Unlike CAH caused by severe 21-hydroxylase deficiency, in which patients require lifelong treatment with glucocorticoids and mineralocorticoids for survival, not all patients with NCAH require treatment.11 Indications for hydrocortisone treatment include early or rapidly progressive pubarche, bone age advancement, or excessive virilization.11,14 Hydrocortisone can ameliorate signs of androgen excess. Once these children reach adult height, or their symptoms resolve, the hydrocortisone may be tapered and discontinued.14
Certain adrenal or gonadal tumors may produce androgens resulting in premature virilization.1,4 Virilizing adrenal tumors include both adrenocortical adenomas and adenocarcinomas. Adenomas typically secrete cortisol but may also produce mineralocorticoids or androgens; adenocarcinomas commonly secrete multiple hormones.4 Testicular Leydig cell tumors secrete high levels of testosterone.15 Signs of virilizing tumors in young boys include phallic enlargement, erections, body hair, increased muscle mass, and voice deepening.4 Gynecomastia may develop due to aromatization of testosterone to estradiol.16 Boys with adrenal tumors will have no testicular enlargement, whereas boys with Leydig cell tumors may develop asymmetric enlargement of a testis.1,15
Ovarian Sertoli-Leydig cell tumors also produce high levels of androgens and androgen precursors.
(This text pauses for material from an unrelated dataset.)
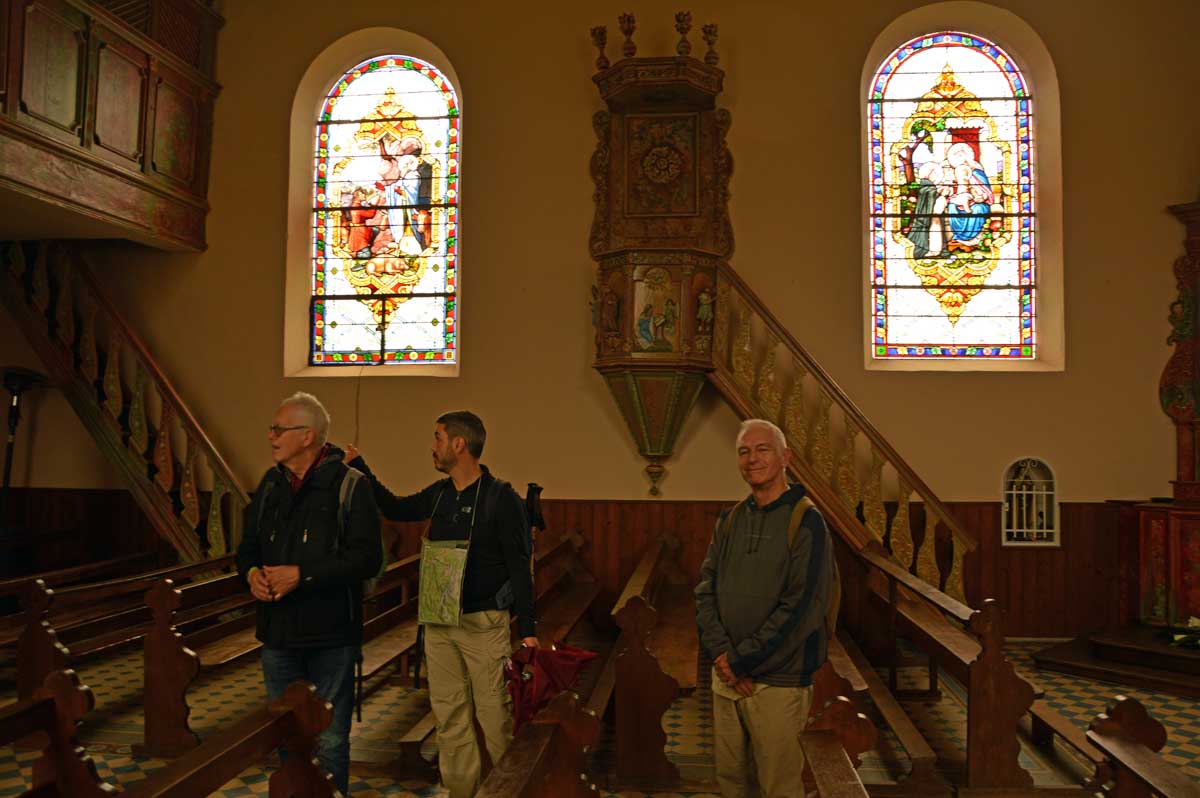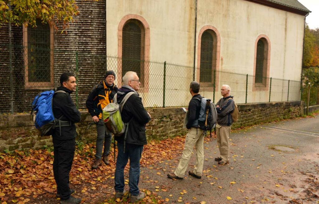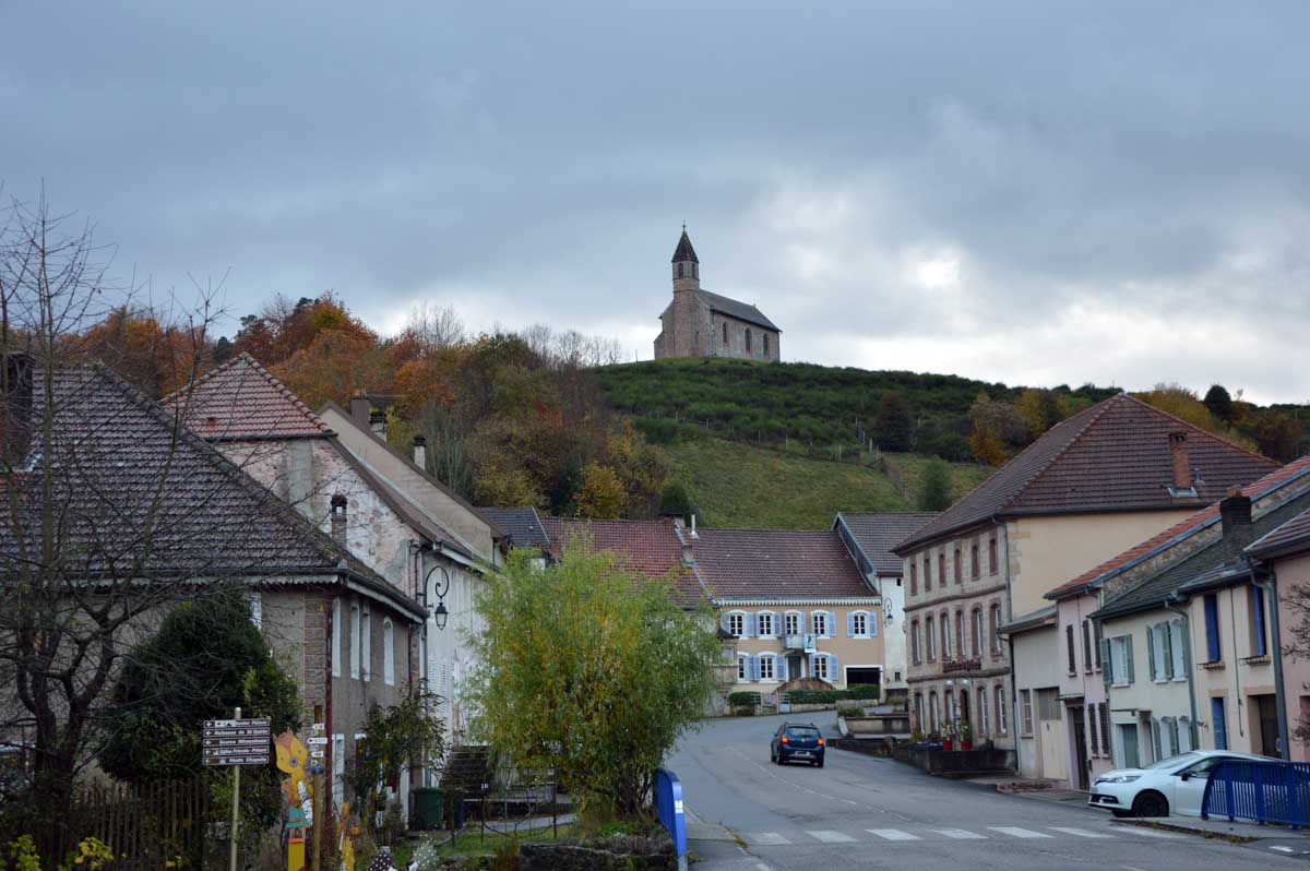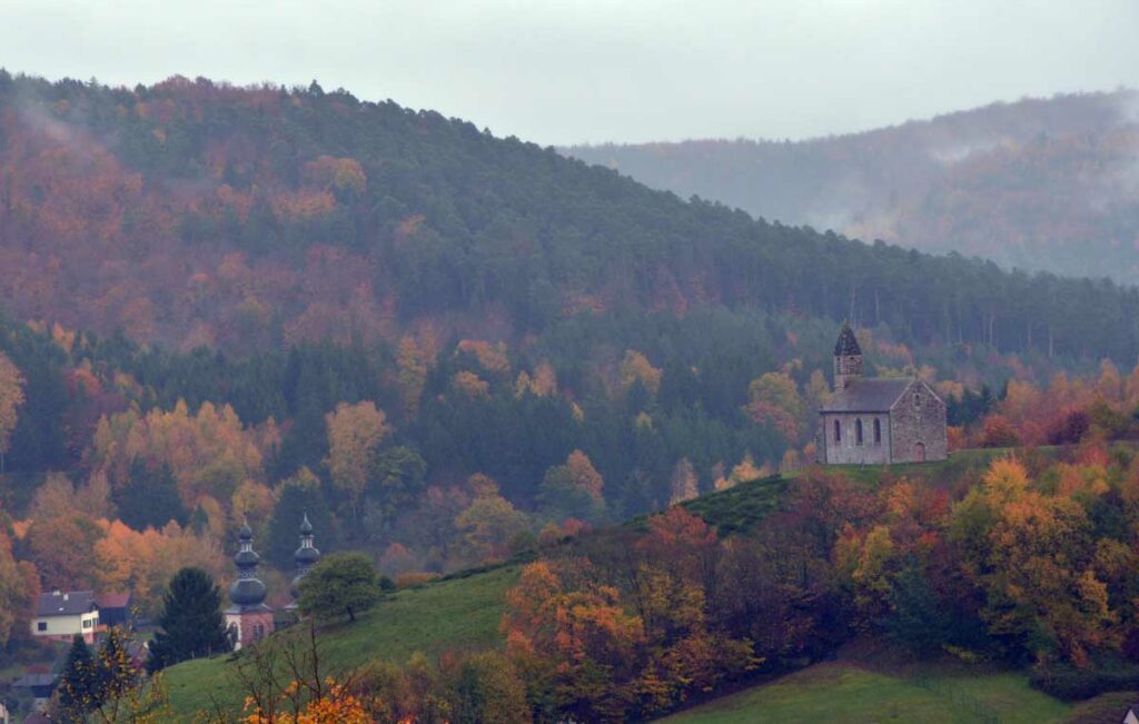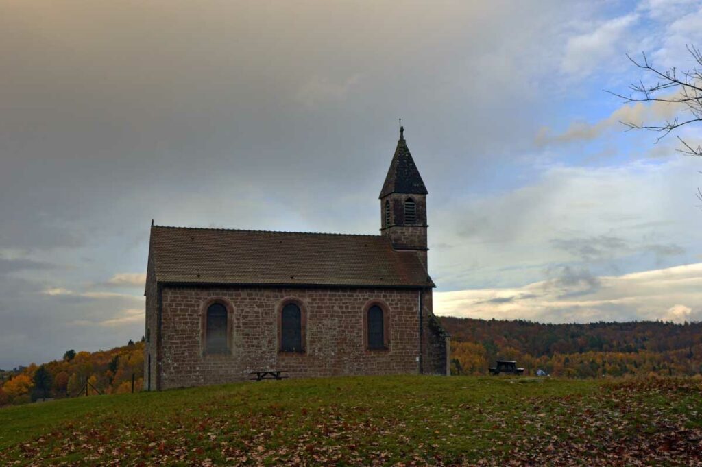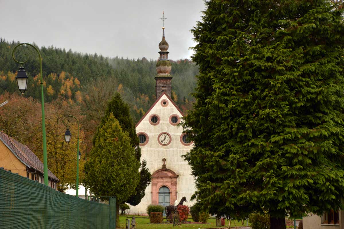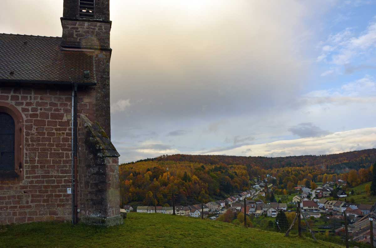 Normalement il y a sept roses à Saint-Quirin et ce n’est pas parce qu’on a vu que six roses que je vais en faire une jaunisse ! T’attends pas à des fleurs, ce sont des chapelles et des églises. La Rose Mauve se trouve trop loin pour notre parcours, alors nous commençâmes par la Rose de Cristal. Eh oui, l’église des Verriers à Lettenbach, avec un pique-nique à l’abri du crachin. Eh oui c’est l’automne !

Girls with virilizing tumors may experience clitoral growth, acne, body hair, voice deepening, and oligo- or amenorrhea.17 These signs tend to be rapidly progressive relative to other causes of early adrenarche.18 If Sertoli-Leydig tumors are not hormone-secreting, abdominal pain or swelling may be the presenting sign.17,18
Germ cells tumors secreting human chorionic gonadotropin (hCG) can also cause a child to virilize prematurely.10 hCG cross-reacts with LH receptors, as the two hormones share an identical alpha subunit.10 Activation of the LH receptor in the testicle will cause the Leydig cells to produce testosterone and virilize a boy while only causing mild testicle growth.10 Girls do not experience signs of puberty, as they require FSH in addition to LH stimulation to secrete estrogen.19 hCG-secreting tumors include hepatomas, hepatoblastomas, choriocarcinomas, and other germ cell tumors.10
In the case of estrogen-, androgen-, or hCG-producing tumors, gonadotropins are suppressed, as the increased sex steroid production is not due to central precocious puberty.15 In addition, midnight salivary cortisol and 24-hour urinary-free cortisol should be checked for Cushing syndrome if suggestive clinical features are observed.4 Ovarian Sertoli-Leydig cells and some germ cell tumors may produce elevated alpha fetoprotein levels.10,20 Imaging should be focused on the likely source of the sex hormone excess. Computed tomography or magnetic resonance imaging of the adrenal gland is recommended if there is no evidence for a gonadal tumor or if the patient has elevated cortisol or signs of Cushing syndrome.4 If the child has an elevated level of hCG, a liver ultrasound should be performed to evaluate for nodules or a mass.10 Other sources of pathologic hCG secretion include the mediastinum and brain.19 A testicular ultrasound would be the appropriate step in a male with testicular asymmetry or mass, or if no other source of androgen excess is detected. A biopsy should be performed on the larger of the asymmetric testes for pathology. Initial treatment for nonhepatic tumor types is surgical resection.4 Isolated estrogen production may be associated with ovarian cysts, of which a small proportion may represent malignancies. Surgical resection is usually indicated, save for those recurrent ovarian cysts attributable to McCune-Albright syndrome caused by Gs-alpha mutations associated with gonadotropin-independent puberty.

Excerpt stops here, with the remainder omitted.